YOUR INSTRUCTIONS |
Your copy of the listing must be exact and must hold no images.

DATA EXTRACT |
▼▼▼
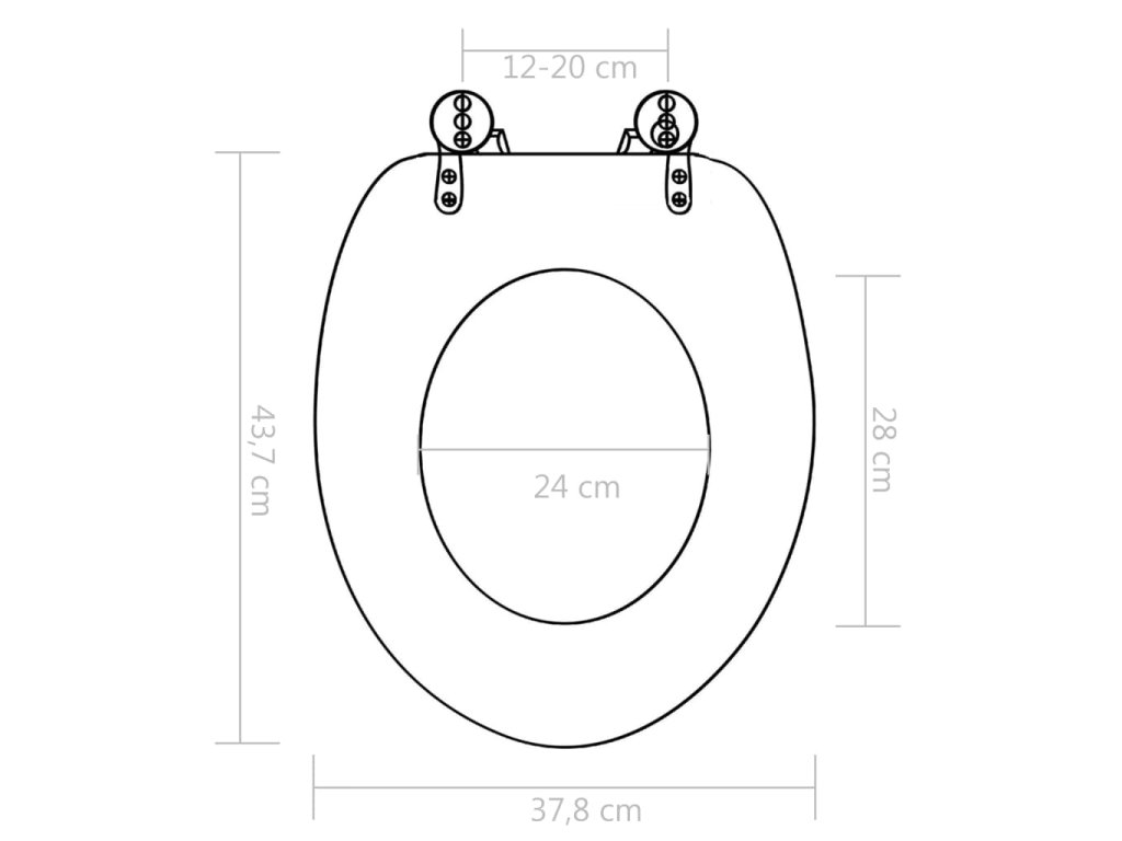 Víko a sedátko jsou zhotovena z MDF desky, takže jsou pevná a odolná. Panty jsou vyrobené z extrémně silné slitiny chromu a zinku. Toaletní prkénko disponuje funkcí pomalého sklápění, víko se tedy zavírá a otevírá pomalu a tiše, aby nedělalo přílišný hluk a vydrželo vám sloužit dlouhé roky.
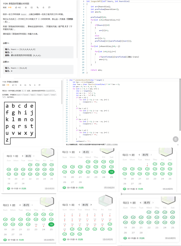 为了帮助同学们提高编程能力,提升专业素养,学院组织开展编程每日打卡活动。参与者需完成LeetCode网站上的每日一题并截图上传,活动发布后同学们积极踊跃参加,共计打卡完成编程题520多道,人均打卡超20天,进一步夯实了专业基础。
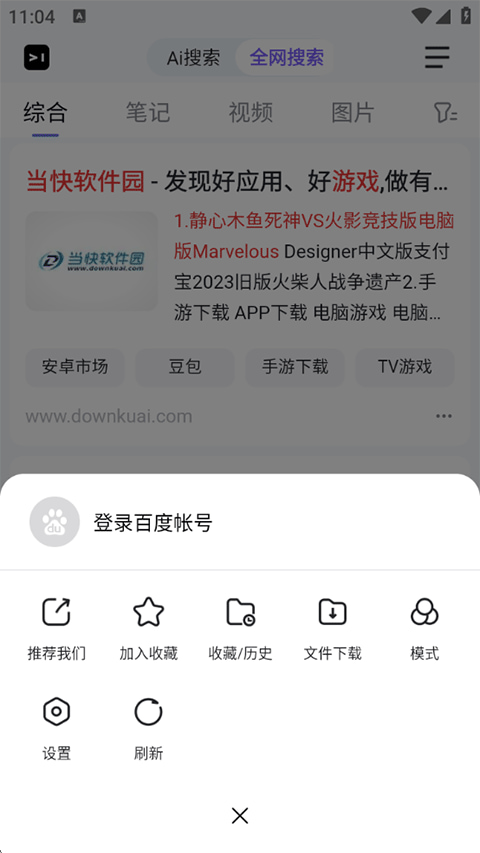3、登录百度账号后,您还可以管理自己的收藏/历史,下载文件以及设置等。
▲▲▲
TASK OUTPUT |
 Víko a sedátko jsou zhotovena z MDF desky, takže jsou pevná a odolná. Panty jsou vyrobené z extrémně silné slitiny chromu a zinku. Toaletní prkénko disponuje funkcí pomalého sklápění, víko se tedy zavírá a otevírá pomalu a tiše, aby nedělalo přílišný hluk a vydrželo vám sloužit dlouhé roky.
 为了帮助同学们提高编程能力,提升专业素养,学院组织开展编程每日打卡活动。参与者需完成LeetCode网站上的每日一题并截图上传,活动发布后同学们积极踊跃参加,共计打卡完成编程题520多道,人均打卡超20天,进一步夯实了专业基础。
3、登录百度账号后,您还可以管理自己的收藏/历史,下载文件以及设置等。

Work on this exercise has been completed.